Transcribe the records that follow in their entirety, omitting any pictures.

*** GIVEN DATA ***

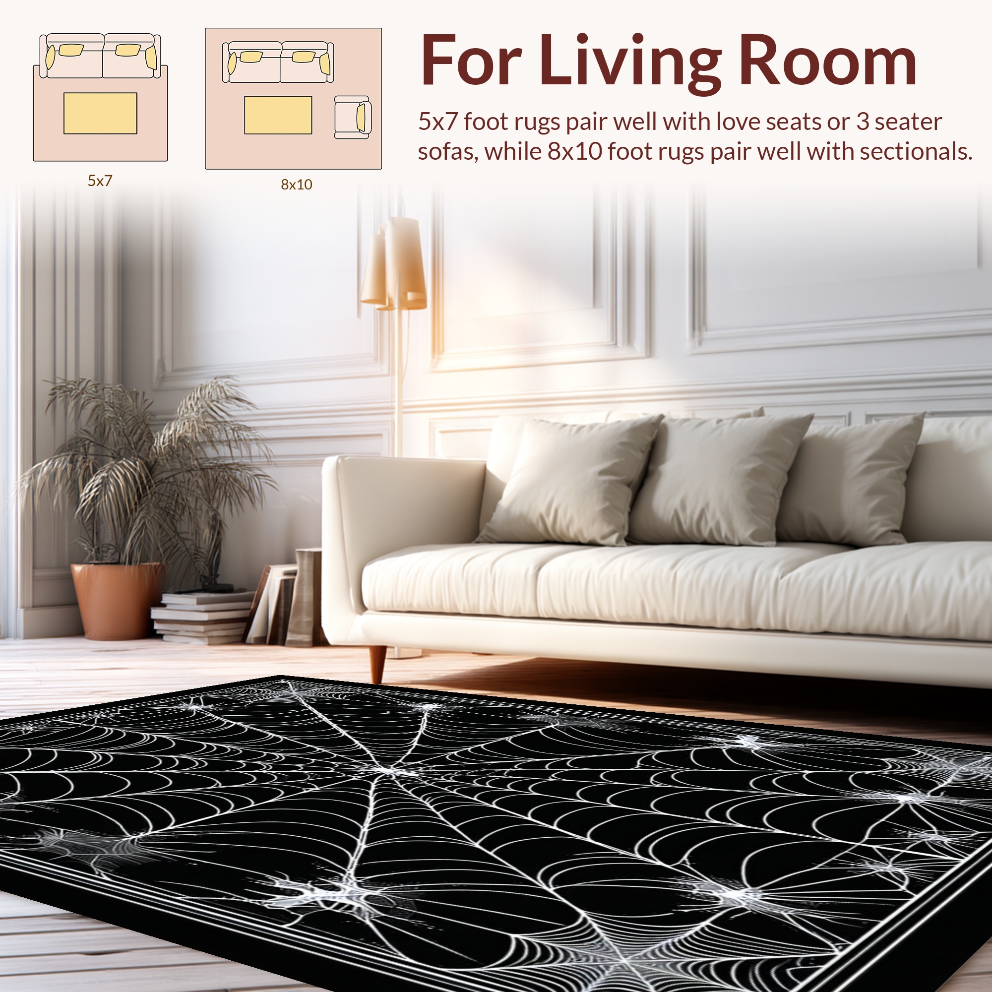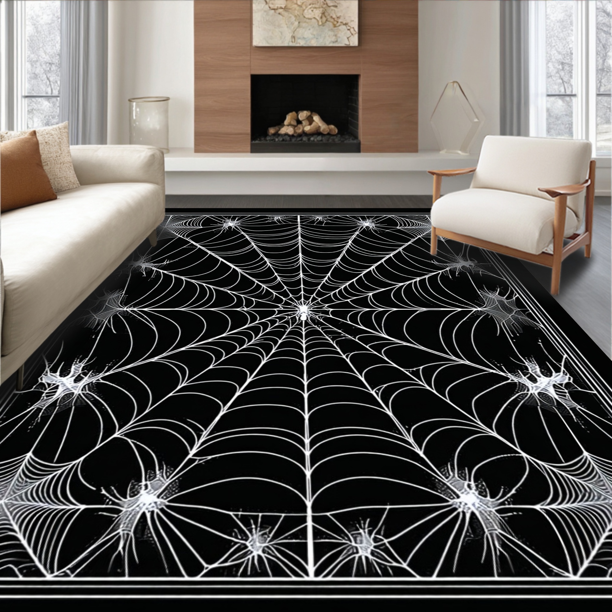 Eerie Black Spider Web Rug
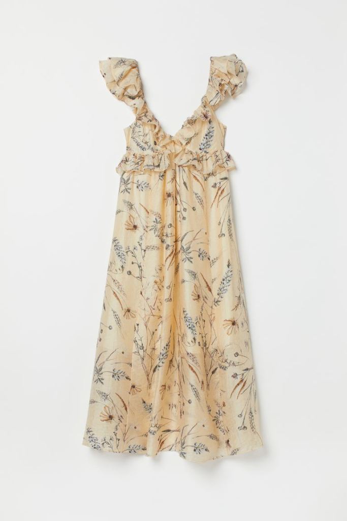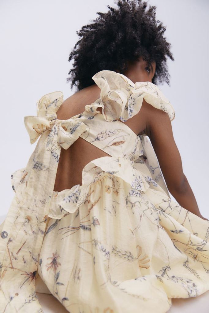 We love this sunny yellow flounce detail dress from H&M, £24.99. Unashamedly girly, the loose cut is not only flattering but perfect for keeping you cool in this heat and we love the flouncy shoulders and bow detail along the back which provides enough coverage to hide the back of your bra too. Just add sandals and sunscreen.
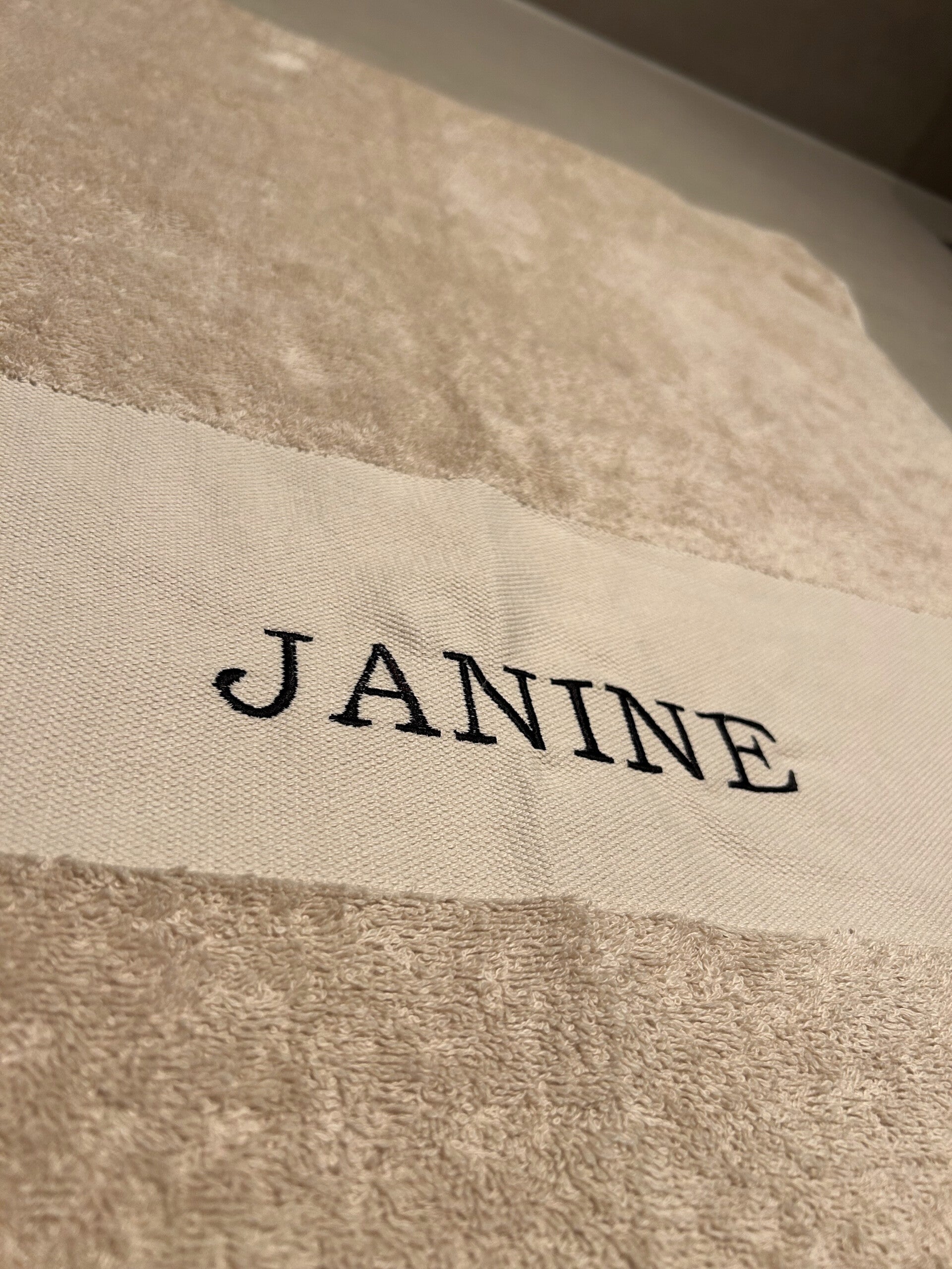 Douchelaken: Afmeting 70 x 140 cm | Kleur garen: Zwart | Lettertype Mila
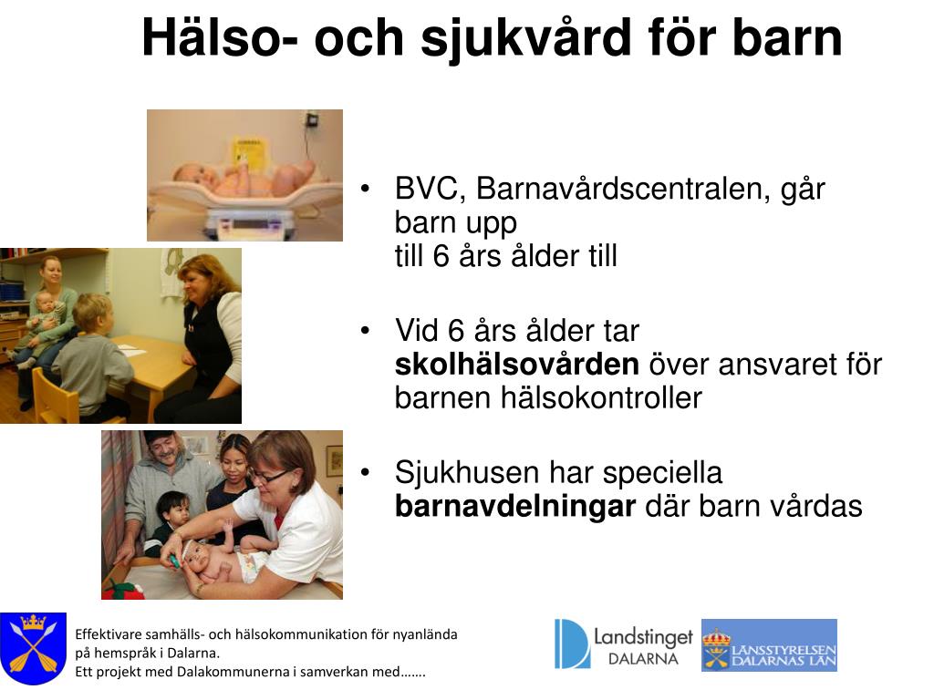 Hälso- och sjukvård för barn • BVC, Barnavårdscentralen, går barn upp till 6 års ålder till • Vid 6 års ålder tar skolhälsovården över ansvaret för barnen hälsokontroller • Sjukhusen har speciella barnavdelningar där barn vårdas Effektivare samhälls- och hälsokommunikation för nyanlända på hemspråk i Dalarna. Ett projekt med Dalakommunerna i samverkan med…….
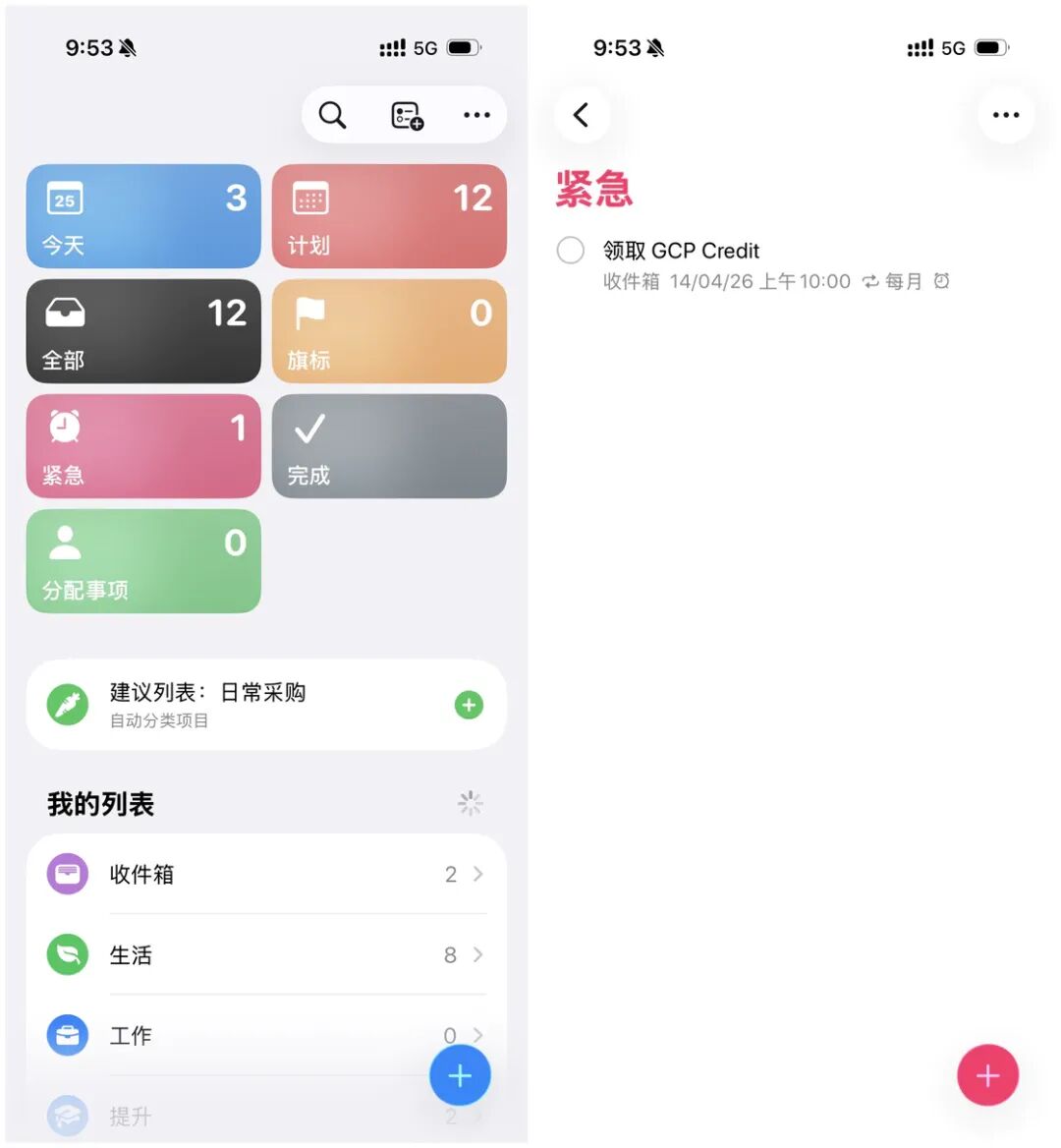 其次,提醒事项新增了一个「紧急」智能列表,所有被标记为紧急的任务都会自动进入这个智能列表,方便统一查看和编辑。
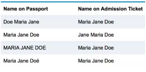 在姓名上,准考证和护照有一些不同是协会允许的,例如:
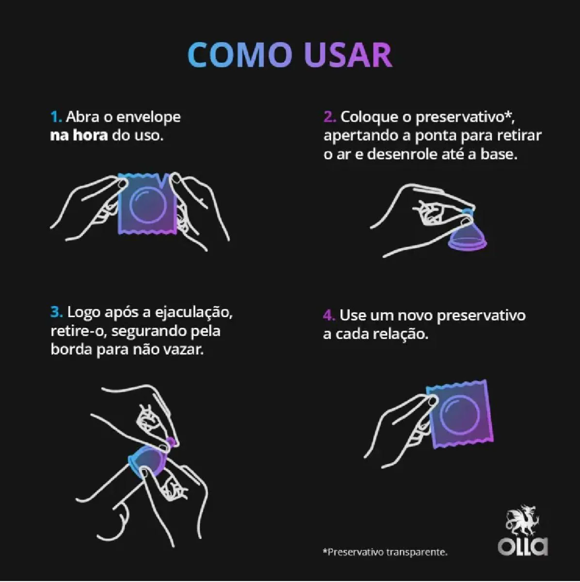 Leia as instruções de uso impressas no interior dessa embalagem, principalmente no caso de sexo não vaginal. Nenhum método contraceptivo proporciona 100% de proteção contra a gravidez, HIV ou outras doenças sexualmente transmissíveis. Abrir somente na hora do uso. O preservativo deve ser colocado assim que ocorrer a ereção, antes de qualquer contato genital ou penetração.
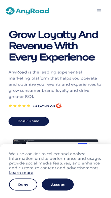 84%This Privacy Policy (the “Privacy Policy”) sets forth AnyRoad’s policy with respect to information including personally identifiable data (“Personal Data”) and other information that is collected from visitors to the Site and users of the Services (the “Visitors”, or individually, “Visitor”, “you”, and/or “your”).
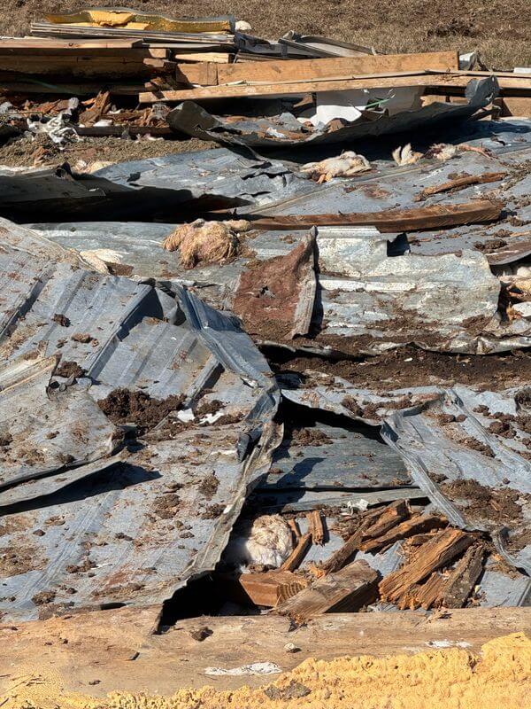 The farmer reportedly contacted Tyson after the roofs on the sheds collapsed in last week’s ice storm and reports that Tyson sent subcontractors to the farm who demolished the sheds—crushing many birds to death and leaving others to die under the debris—and stating that some chickens who managed to escape were run over by a bulldozer, while others were allegedly beaten to death.
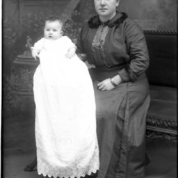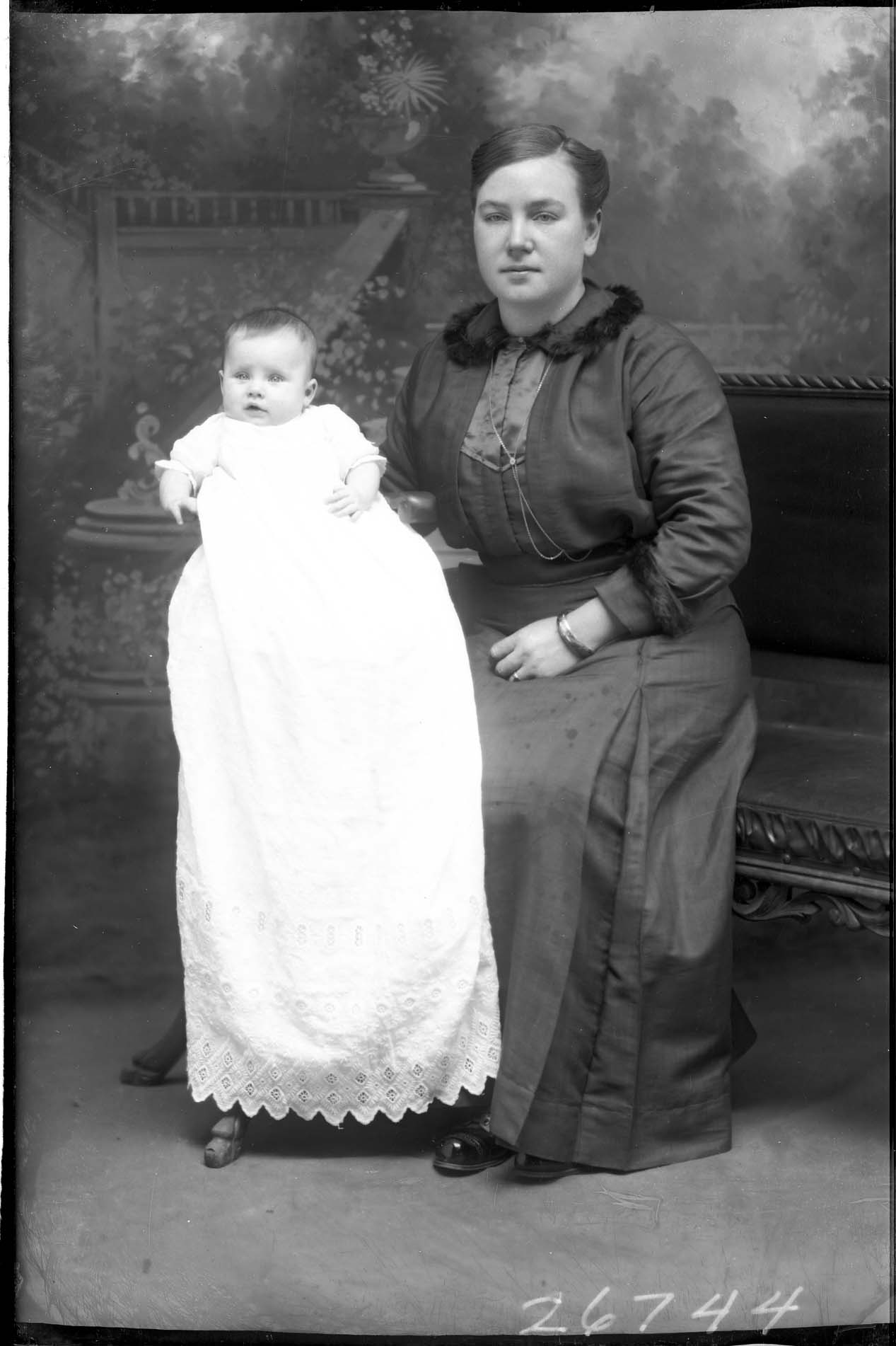 Unidentified woman, seated, with an unidentified baby in a long white gown posed with her.

***

TASK OUTPUT →
 Eerie Black Spider Web Rug
 We love this sunny yellow flounce detail dress from H&M, £24.99. Unashamedly girly, the loose cut is not only flattering but perfect for keeping you cool in this heat and we love the flouncy shoulders and bow detail along the back which provides enough coverage to hide the back of your bra too. Just add sandals and sunscreen.
 Douchelaken: Afmeting 70 x 140 cm | Kleur garen: Zwart | Lettertype Mila
 Hälso- och sjukvård för barn • BVC, Barnavårdscentralen, går barn upp till 6 års ålder till • Vid 6 års ålder tar skolhälsovården över ansvaret för barnen hälsokontroller • Sjukhusen har speciella barnavdelningar där barn vårdas Effektivare samhälls- och hälsokommunikation för nyanlända på hemspråk i Dalarna. Ett projekt med Dalakommunerna i samverkan med…….
 其次,提醒事项新增了一个「紧急」智能列表,所有被标记为紧急的任务都会自动进入这个智能列表,方便统一查看和编辑。
 在姓名上,准考证和护照有一些不同是协会允许的,例如:
 Leia as instruções de uso impressas no interior dessa embalagem, principalmente no caso de sexo não vaginal. Nenhum método contraceptivo proporciona 100% de proteção contra a gravidez, HIV ou outras doenças sexualmente transmissíveis. Abrir somente na hora do uso. O preservativo deve ser colocado assim que ocorrer a ereção, antes de qualquer contato genital ou penetração.
 84%This Privacy Policy (the “Privacy Policy”) sets forth AnyRoad’s policy with respect to information including personally identifiable data (“Personal Data”) and other information that is collected from visitors to the Site and users of the Services (the “Visitors”, or individually, “Visitor”, “you”, and/or “your”).
 The farmer reportedly contacted Tyson after the roofs on the sheds collapsed in last week’s ice storm and reports that Tyson sent subcontractors to the farm who demolished the sheds—crushing many birds to death and leaving others to die under the debris—and stating that some chickens who managed to escape were run over by a bulldozer, while others were allegedly beaten to death.
 Unidentified woman, seated, with an unidentified baby in a long white gown posed with her.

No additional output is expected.